(EXERCISE DATA):
Segment Open

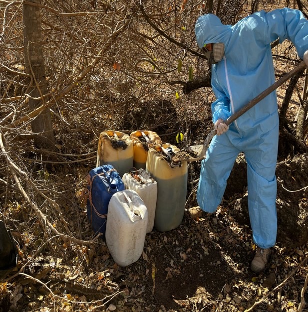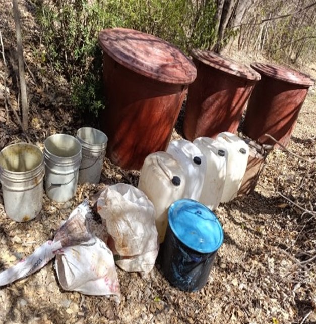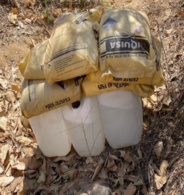 Se localizaron e inhabilitaron 12 áreas de concentración de material diverso para la elaboración de metanfetamina, donde aseguraron 6,780 litros y 400 kilos de sustancias químicas para la elaboración de la droga, dos reactores de síntesis orgánica, tres condensadores y un destilador. La afectación económica a las organizaciones delictivas fue de 159 millones de pesos.
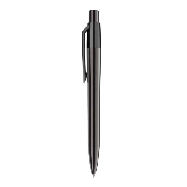 Branded Maxema metal pens are cool branded pens. They are crafted with reliable titanium metal material. Thus, they are durable and safe for use. Its barrel is specially crafted with grey finish metal. Thus, it has a glossy diamond mirror face finish on the whole barrel. The barrel and tip are in the same grey color. However, the pen also has a push button which is also grey. Thus, it gives the pen a luxurious look. It comes with screen printing and UV printing options. Moreover, there are multiple printing options for logo imprinting. Thus, you can customize these pens as luxury branded corporate gifts for your company.
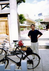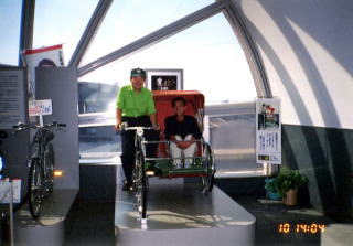 シンガポールの輪タクに私とまだまださん二人乗って、お客さんのおばちゃんにシャッターを押してもらいました。
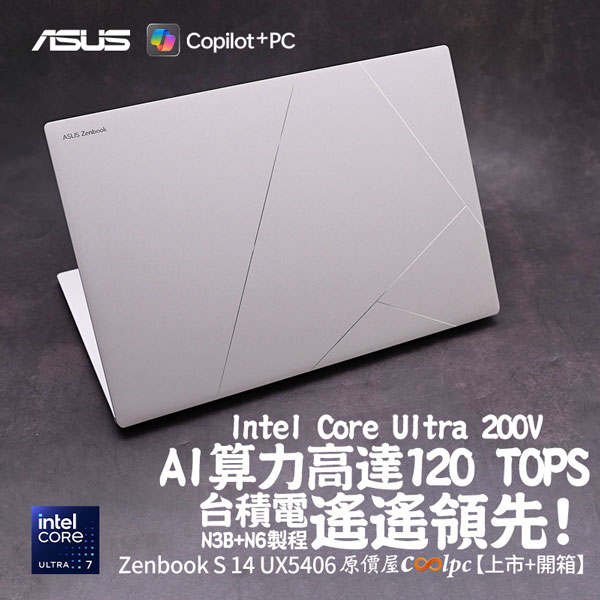 【開箱】AI算力高達120 TOPS的Intel Core Ultra 200V處理器!華碩 Zenbook S 14 UX5406 Copilot+PC 筆電上市!
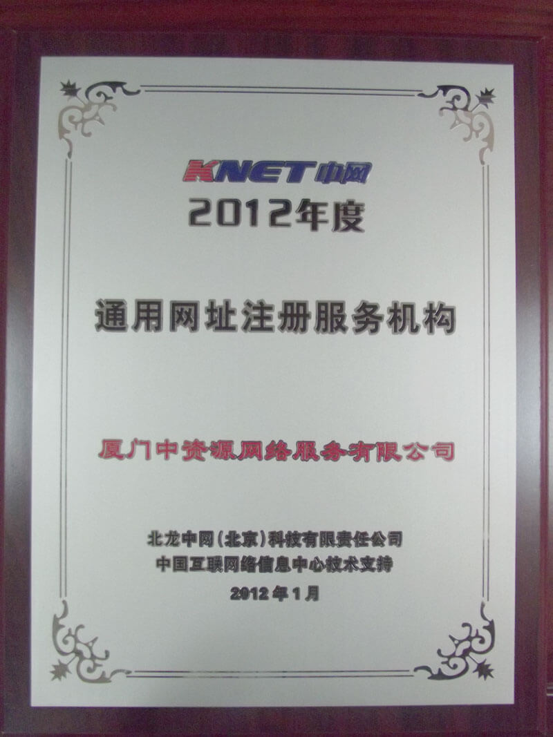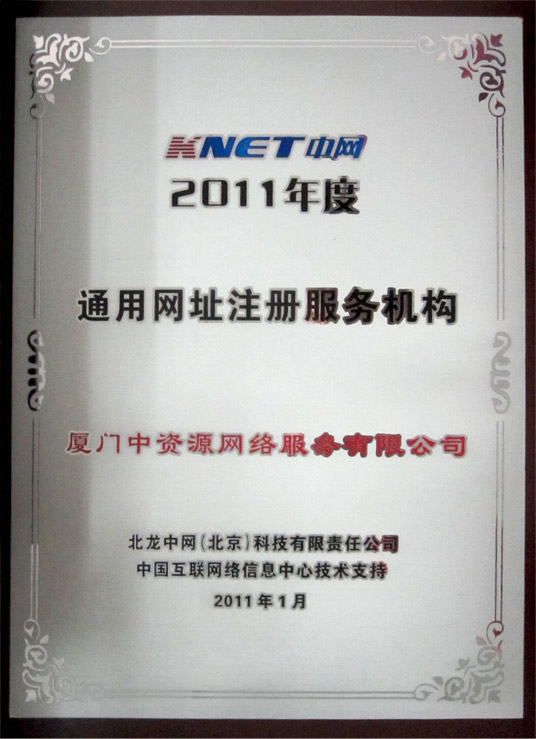 CNNIC 2009年度中國互聯網絡信息中心認證通用網址注冊服務機構

Segment Closed

(ASSIGNMENT): Generate a word-for-word copy of the preceding records, excluding all pictures.

(SOLUTION TO THE EXERCISE):
 Se localizaron e inhabilitaron 12 áreas de concentración de material diverso para la elaboración de metanfetamina, donde aseguraron 6,780 litros y 400 kilos de sustancias químicas para la elaboración de la droga, dos reactores de síntesis orgánica, tres condensadores y un destilador. La afectación económica a las organizaciones delictivas fue de 159 millones de pesos.
 Branded Maxema metal pens are cool branded pens. They are crafted with reliable titanium metal material. Thus, they are durable and safe for use. Its barrel is specially crafted with grey finish metal. Thus, it has a glossy diamond mirror face finish on the whole barrel. The barrel and tip are in the same grey color. However, the pen also has a push button which is also grey. Thus, it gives the pen a luxurious look. It comes with screen printing and UV printing options. Moreover, there are multiple printing options for logo imprinting. Thus, you can customize these pens as luxury branded corporate gifts for your company.
 シンガポールの輪タクに私とまだまださん二人乗って、お客さんのおばちゃんにシャッターを押してもらいました。
 【開箱】AI算力高達120 TOPS的Intel Core Ultra 200V處理器!華碩 Zenbook S 14 UX5406 Copilot+PC 筆電上市!
 CNNIC 2009年度中國互聯網絡信息中心認證通用網址注冊服務機構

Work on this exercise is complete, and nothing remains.